PROBLEM STATEMENT: Copy out the full listing exactly, omitting any picture it contains.

DATA EXTRACT:
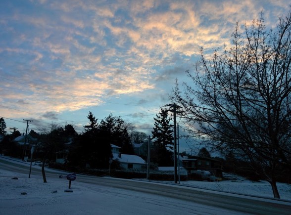 Monday morning. We still have snow here and have had flurries daily. Unusual for here. Sometimes we just get snow that melts as the weather warms during the day.
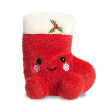 Holly Stocking is a bright red Christmas stocking Palm Pal with a white trim, finished off with embroidered holly leaves and berries. She has black button eyes, a tiny black smile and rosy pink cheeks.
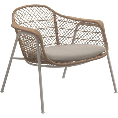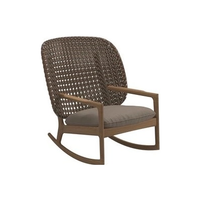 Zahradní nízké houpací křeslo s vysokou zádovou opěrkou Kay značky Gloster. Zahradní křeslo má leštěný teakový rám v kombinaci s výpletem z umělého ratanu. Sedák je z...

REPLY TO THE TASK:
 Monday morning. We still have snow here and have had flurries daily. Unusual for here. Sometimes we just get snow that melts as the weather warms during the day.
 Holly Stocking is a bright red Christmas stocking Palm Pal with a white trim, finished off with embroidered holly leaves and berries. She has black button eyes, a tiny black smile and rosy pink cheeks.
 Zahradní nízké houpací křeslo s vysokou zádovou opěrkou Kay značky Gloster. Zahradní křeslo má leštěný teakový rám v kombinaci s výpletem z umělého ratanu. Sedák je z...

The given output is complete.